I hope the competition will inspire people to make breakthroughs in the open, so I won't take any rights to the IP, instead the winning solutions must use open source code and open weight models.

andyk · on Dec 16, 2024

yes the prize money is from me to the winners

andyk · on Dec 16, 2024

That has a double meaning - half tongue in cheek.

1) since we are creating a contamination-free version of SWE-bench (i.e. scraping a new test set after submissions are frozen) it is guaranteed that agents in this contest can't "cheat", i.e., models can't have trained on the benchmark / agents cant memorize answers.

2) as a general rule in life, don't cheat on things (not that there aren't exceptions)

andyk · on Dec 16, 2024

(reposting from locallama and lower down here) yep that's true.

one of my goals is to inspire and honor those that work on open source AI. Those people tend to be motivated by things like impact and the excitement of being part of something big. i know that's how i always feel when i'm around Berkeley and get to meet or work with OG BSD hackers or the people who helped invent core internet protocols.

those people are doing this kind of OSS work and sharing it with the world anyway, without any cash prize. i think of this as a sort of thank you gift for them. and also a way to maybe convince a few people to explore that path who might not have otherwise.

andyk · on Dec 16, 2024

andy here - happy to answer questions.

Also, I answered a bunch of questions yesterday on LocalLLaMA that people here might find interesting https://www.reddit.com/r/LocalLLaMA/comments/1hdfng5/ill_giv...

andyk · on Dec 14, 2024

yeah i agree. one of my goals is to inspire and honor those that work on open source AI.

people who work on open source tend to be motivated by things like impact and the excitement of being part of something bigger than themselves - at least that's how i always feel when i'm around Berkeley and get to meet or work with OG BSD hackers and people who helped invent core internet protocols or the guys who invented RISC or more recently RISC-V

those people are going to do this kind of OSS work and share it with the world anyway, without any cash prize. i think of this as a sort of thank you gift for them. and also a way to maybe convince a few people to explore that path who might not have otherwise.

andyk · on Dec 13, 2024

I tweeted this on stage at NeurIPS on weds: "I'll give $1M to the first open source AI that gets 90% on this sweet new contamination-free version of SWE-bench - http://kprize.ai" - K Prize is a new kaggle competition

andyk · on June 4, 2024

I tried to contrast to `expect` in a couple of my other responses, but yeah this is my sense too after looking briefly at `expect` - that ht always transparently sets up a terminal for you under the hood and you interact with that so you can always grab a screenshot of any terminal UI.

I don’t think `expect` is targeted at this use case (though I am only learning about `expect` right now so could be wrong)

sesm · on June 5, 2024

Is it fair to say that 'expect vs ht' is the same as 'curl vs headless browser'?

ku1ik · on June 5, 2024

I believe it’s a pretty good analogy, yes.

andyk · on June 4, 2024

andyk here. it's clear our readme is lacking use cases! adding some now.

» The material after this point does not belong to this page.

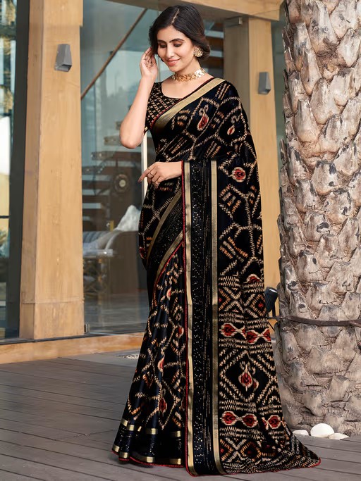 Black Cotton Ikat Zari Border Printed Saree Saree with Unstitched Blouse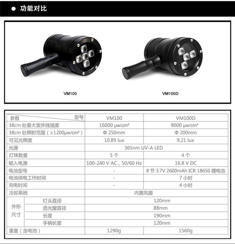 VM100D手持式LED紫外线灯 进口灯珠便携式黑光灯 紫外线探伤灯

When we introduced ht on twitter I gave a little more context -- https://x.com/andykonwinski/status/1796589953205584234 -- but that should have been in the project readme.

Also a few people comparing to `expect`. I haven't used `expect` before, but it looks very cool. Their docs/readme seem only slightly more fleshed out than ours :-D Looks like the main way to use expect is via:

  spawn ...
  expect ...
  send ...
  expect ...
  etc.

so, the expect syntax seems targeted more towards testing where you simultaneously get the output from the underlying binary and then check if it's what you expect (thus the name I guess). I can't see if there is a way to just get the current terminal "view" (aka text screenshot) via an expect command?

ht is more geared towards scripting (or otherwise programmatically accessing) the terminal as a UI (aka Terminal UI). So ht always runs a terminal for you and gives you access to the current terminal state. Need to try out expect myself, but from what I can tell, it doesn't seem to always transparently run a Terminal for you.

There might already be some other existing tool that overlaps with the ht functionality, but we couldn't find it when looked around a bunch before building ht.

metadat · on June 4, 2024

Expect is The Original Way, and has been the standard since before I learned to program more than 20 years ago. :-D

Expect is also extra cool because of `autoexpect'.

  generate an Expect script from observing a (shell) session

https://manpages.ubuntu.com/manpages/focal/en/man1/autoexpec...

m0shen · on June 4, 2024

`expect` is absolutely geared towards scripting, as it's an extension of TCL. Though as far as getting a "current terminal view" `expect` has `term_expect`: https://core.tcl-lang.org/expect/file?name=example/term_expe...

andyk · on June 4, 2024

Sorry, my wording wasn't very clear. I wasn't trying to imply that ht is more geared towards scripting than `expect` (in fact I'd say `expect` is more scripting-oriented being an extension of a scripting language) but rather that ht is more geared towards scripting the terminal as a UI than `expect`.

Am I wrong about that? (I may very well be since I haven't used `expect` before)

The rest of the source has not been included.